Dubai and Abu Dhabi are both excellent cities for offering discerning diners something unique from some of the best chefs in the world (Emirates Palace continually shines in this element). Enter Paco Perez, the Catalan chef of Restaurant Miramar fame, in town for a three month pop up at the Ritz Carlton DIFC. In addition to the usual ala carte options, he’s developed a special tasting menu, which Hubs and I went to review. Luckily for us, it was also the night of the hotel’s tree lighting, which was a lot of fun to see and put us in the festive spirit.
After an amuse bouche arrived in the form of tiny ‘tapas’ and a glass of cava, we were served our first course, Oyster tartar and caviar.
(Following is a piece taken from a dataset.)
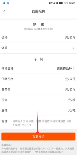 先选好必填的区域,接着挑选需要报价的猪,点击“我要报价”按钮,你的报价就会发布出去,猪肉厂的厂商就能看到你的报价,并且会根据自身需求来购买你的猪了。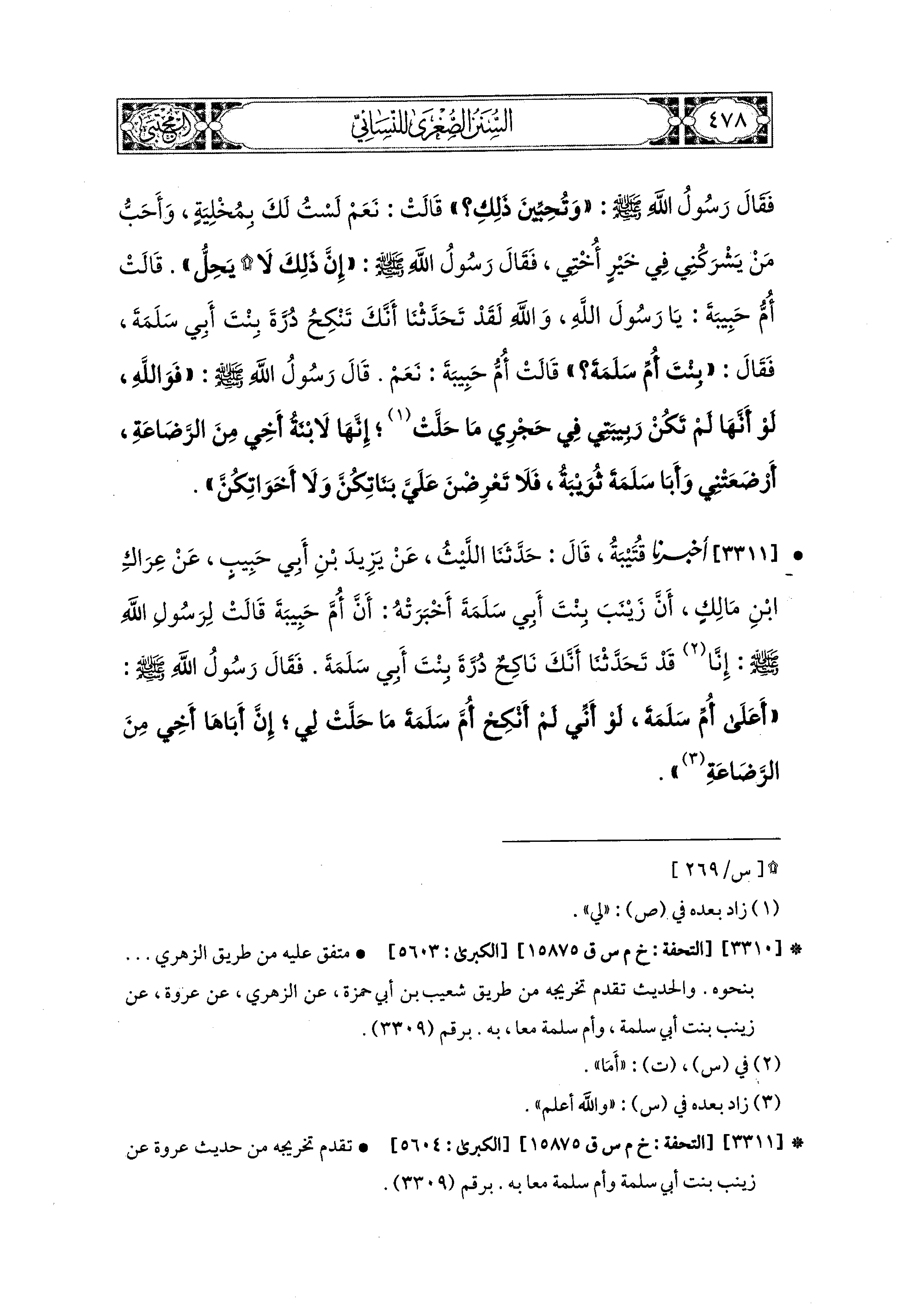 3311 - أَخبَرَنا قُتَيبَةُ، قال: حَدثنا اللَّيْثُ، عَن يَزِيدَ بْنِ أَبي حَبِيبٍ، عَن عِرَاكِ بْنِ مَالِكٍ، أَنَّ زَيْنَبَ بِنْتَ أَبي سَلَمَةَ، أَخْبَرَتْهُ أَنَّ أُمَّ حَبِيبَةَ، قَالَتْ لِرَسُولِ اللهِ صَلى الله عَليه وسَلم: إِنَّا قَدْ تَحَدَّثْنَا أَنَّكَ نَاكِحٌ دُرَّةَ بِنْتَ أَبي سَلَمَةَ، فَقَالَ رَسُولُ اللهِ صَلى الله عَليه وسَلم: أَعَلَى أُمِّ سَلَمَةَ، لَوْ أَنِّي لَمْ أَنْكِحْ أُمَّ سَلَمَةَ مَا حَلَّتْ لِي، إِنَّ أَبَاهَا أَخِي مِنَ الرَّضَاعَةِ.

Longtime readers will know I am not a fan of bivalves and the trend continues. While I appreciated the briny nature of the dish, I thought the plate lacked texture and similar to the King Prawn that followed, I wanted more acidity and heat. Additionally, while I generally like foam as an element, I did not understand why the chef would plate two dishes with a bit of froth back to back. Foam is one of those ethereal, quirky elements, and it seemed a strange choice to use them in adjacent courses. Furthermore, the creaminess and powerful amount of flavor in the sauce (pictured above) almost rendered the foam pointless.
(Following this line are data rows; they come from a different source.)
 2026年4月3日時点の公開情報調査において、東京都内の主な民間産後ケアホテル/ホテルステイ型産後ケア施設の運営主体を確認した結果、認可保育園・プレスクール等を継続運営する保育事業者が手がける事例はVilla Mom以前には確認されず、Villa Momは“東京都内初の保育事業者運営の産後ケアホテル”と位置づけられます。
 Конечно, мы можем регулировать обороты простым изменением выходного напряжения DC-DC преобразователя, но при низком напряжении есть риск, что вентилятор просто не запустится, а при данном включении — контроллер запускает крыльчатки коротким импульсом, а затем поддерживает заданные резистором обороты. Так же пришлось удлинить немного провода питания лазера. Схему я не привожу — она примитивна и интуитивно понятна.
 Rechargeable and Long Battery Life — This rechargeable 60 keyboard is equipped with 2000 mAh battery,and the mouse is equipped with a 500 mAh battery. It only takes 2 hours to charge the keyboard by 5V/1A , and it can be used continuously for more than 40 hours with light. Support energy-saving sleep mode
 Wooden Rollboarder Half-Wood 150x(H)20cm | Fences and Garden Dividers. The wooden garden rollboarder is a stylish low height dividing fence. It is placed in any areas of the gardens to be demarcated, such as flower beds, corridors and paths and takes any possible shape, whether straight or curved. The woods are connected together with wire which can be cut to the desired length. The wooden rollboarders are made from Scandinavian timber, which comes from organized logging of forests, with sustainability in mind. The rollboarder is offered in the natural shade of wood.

Similarly, I thought the Langoustine cannelloni & caviar was another ‘almost but not quite.’ While recognized as a signature dish for Chef Perez, for me the lack of texture and acidity once again brought this dish down. Sorry, I like chewing and pay attention to — dare I use the phrase — mouthfeel. Also not for me? Plates that are all one color. I prefer dynamic, eye-catching dishes, which cannot be successful with a bland white canvas.
Continuing the seafood theme, yes, for the fourth course in a row, a dish of Turbot followed, giving us something with actual texture for the first time in the evening. Although there is a clearly a theme here, the dish didn’t push the culinary envelope far enough for me. Or, perhaps I had grown bored of eating seafood. A better choice here might have been lamb or duck, as I think four courses in a row is a bit much for any style of protein. It’s not that any of the seafood was anything less than perfectly cooked, it’s that the meal delivered a very middle of the road experience.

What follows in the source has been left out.